Aus der Linkspartei hieß es, dass die drei Abgeordneten der eigenen Fraktion den „fatalen Eindruck“ entstehen ließen, die Leute wollten an ihren Sesseln kleben, so die Berliner Zeitung. Stefan Evers (CDU) sprach von einer „spannenden Verhinderungskoalition“, weil Mitglieder der beiden Regierungsparteien SPD und Linke mit Mitgliedern der Oppositionspartei FDP zusammenarbeiten.
Der Berliner Landeswahlleiter Stephan Bröchler gab sich angesichts der Entscheidung erleichtert. „Wir atmen jetzt durch, weil die Entscheidung uns Planungssicherheit gibt“, sagte Bröchler am Dienstag der dpa laut Presseberichten. „Wir können nun auf Hochtouren mit der Planung und Durchführung der Wahl fortfahren.“ Auch die CDU begrüßte die Entscheidung.
Mit Verwunderung reagierten dagegen die 43 Beschwerdeführer. Der Tagesspiegel gab eine Stellungnahme wider, demnach diese die Entscheidung bedauerten. „Wegen der bislang fehlenden Begründung könnte über die tragenden Erwägungen des Gerichts derzeit nur spekuliert werden“, hieß es. Die fehlende Begründung sei ein Beleg dafür, dass die Richter sich die Entscheidung nicht leichtgemacht hätten.
TE hatte mit seinen Recherchen zur Berliner Chaos-Wahl eine öffentliche Debatte und mehrere Klagen ausgelöst, die am Ende die komplette Wahlwiederholung auf Landesebene auslösten.
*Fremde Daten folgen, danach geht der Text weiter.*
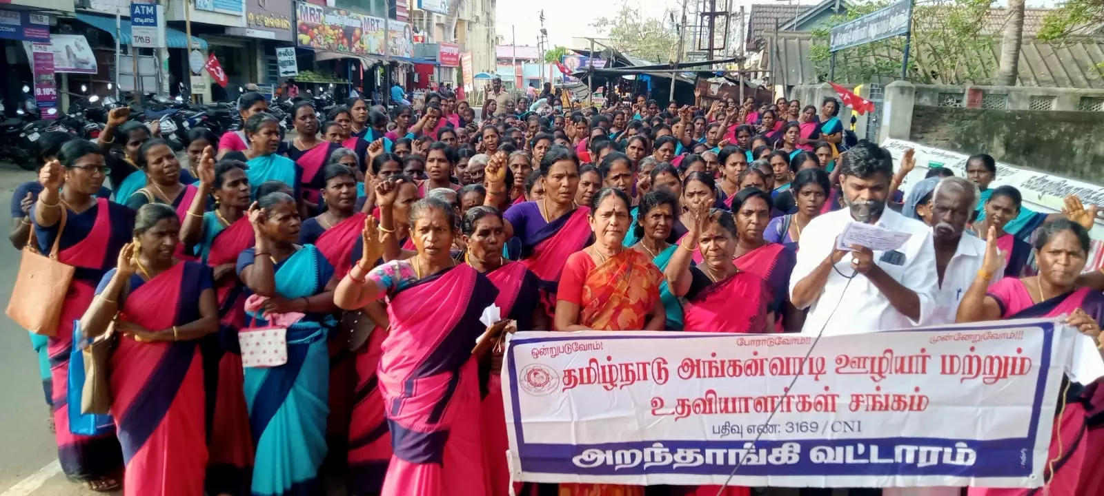 அங்கன்வாடி ஊழியர்கள் ஆர்ப்பாட்டம்

Der Bundestag kam dagegen zur Ansicht, dass die gleichzeitig stattgefundene Bundestagswahl nur in Teilen wiederholt werden müsse.
TE hat daher selbst eine Wahlprüfungsbeschwerde in Karlsruhe eingelegt, deren Ziel eine komplette Wiederholung ist, wie sie auf Landesebene bereits stattfindet. Sie ist letzte Woche fristgerecht eingegangen. Eine Entscheidung zur kompletten Wiederholung und zum Wahltermin der Bundestagswahl in Berlin steht damit noch aus.
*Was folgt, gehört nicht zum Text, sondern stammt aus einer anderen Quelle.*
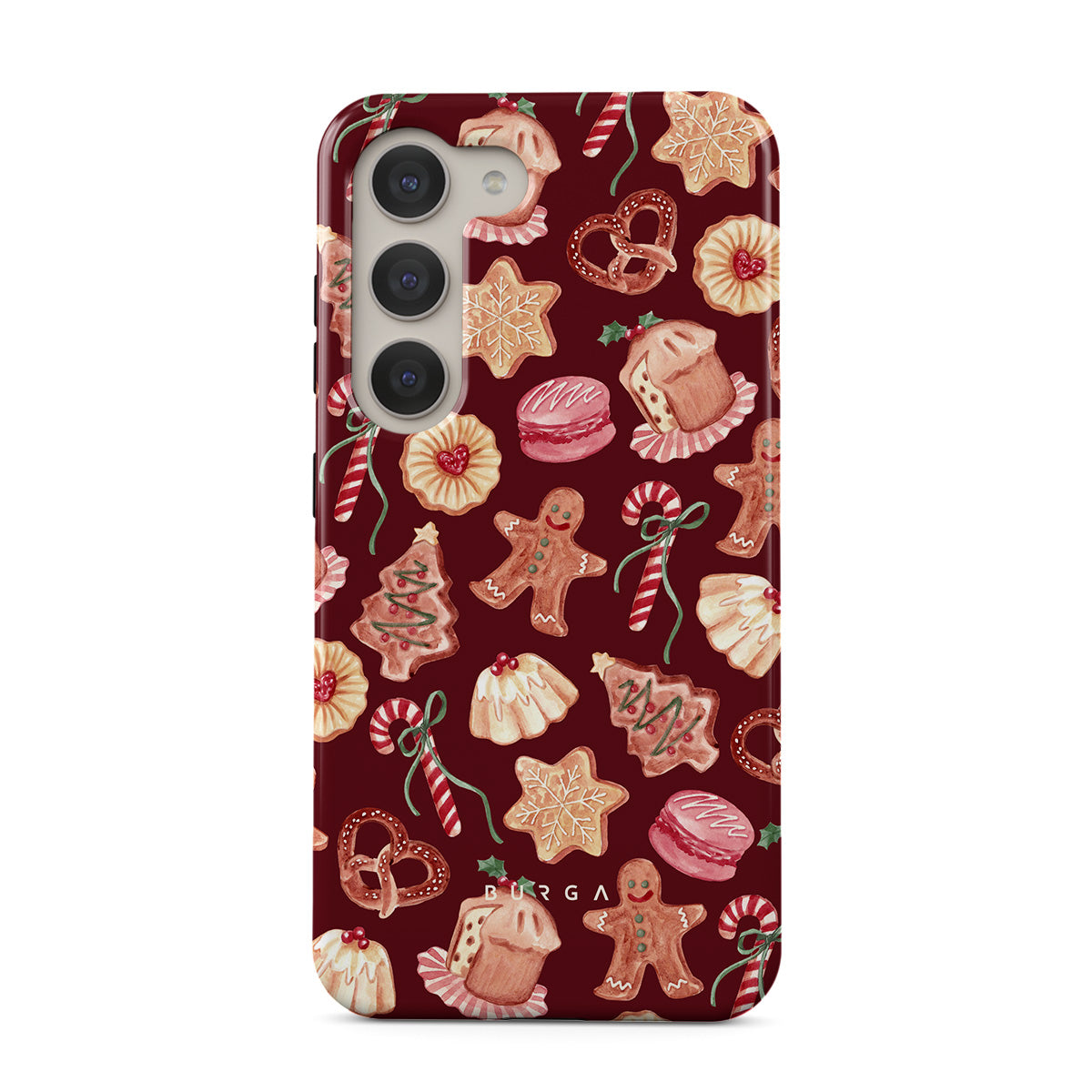 This design features: Christmas cookies, gingerbread men, candy canes, peppermint candies, festive sweets, burgundy red background

In eigener Sache:Roland Tichy, Herausgeber von TE, hat eine Initiative gegründet, um die Wiederholung der Bundestagswahl in allen Berliner Bezirken einzuklagen. Die Klage vor dem Bundesverfassungsgericht wird von Verfassungsrechtler Ulrich Vosgerau im Namen von zwei Tichys-Einblick-Lesern geführt. Die Finanzierung hat „Atlas – Initiative für Recht und Freiheit“ übernommen.